The estimation results of the improved model are based on the BTSSR, and it is very site-specific. It may have the applicability in other drylands of the world which have the similar characteristics of climate and vegetation, but this needs to be verified. Although the field data of regional ET is lacking to estimate the improved model, the spatial and temporal trends of ET in many previous studies were consistent with the results of this paper [62,63,64].

(2)

When calculating the canopy boundary resistance, the improved model assumes that the vegetation source and the soil source are on the same plane, and ignores the water and energy exchange in the vertical direction. This may lead to underestimating the results. In addition, the improved model assumes that there is indeed an area of bare soil within the pixel, and makes it more accurate in the sparse vegetation. As for the areas with continuous vegetation, it may be a little difficult to parameterize the model, and there is need to judge in advance whether the pixel is a continuous vegetation pixel.

(3)

Considering the other factors simplified in this paper, the SW model may further improve the estimation accuracy of ET. First, the precipitation interception was not calculated, which may have caused the ET to seem higher. Second, we ignored the impact of snowmelt. There are freezing periods, ranging from the north to south in the study area, based on the geographical location.

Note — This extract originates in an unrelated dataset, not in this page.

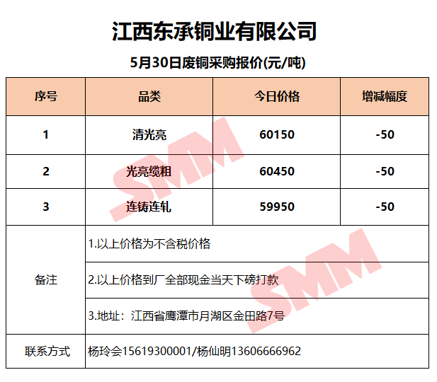 今日江西东承铜业/博升铜业 废铜采购报价已更新,有货的朋友欢迎联系我们!

Although there is less precipitation in winter, the area is still affected by snowmelt. Zhao et al. found that snowmelt can cause the SW model to estimate vegetation transpiration to be too high and soil water evaporation to be too low [65]. Third, when discussing the analysis of factors affecting regional ET, we only considered the two most important factors—precipitation and VC—in this study. The next step should further analyze the vegetation itself, as well as atmospheric and surface environmental factors, in order to make the results more accurate.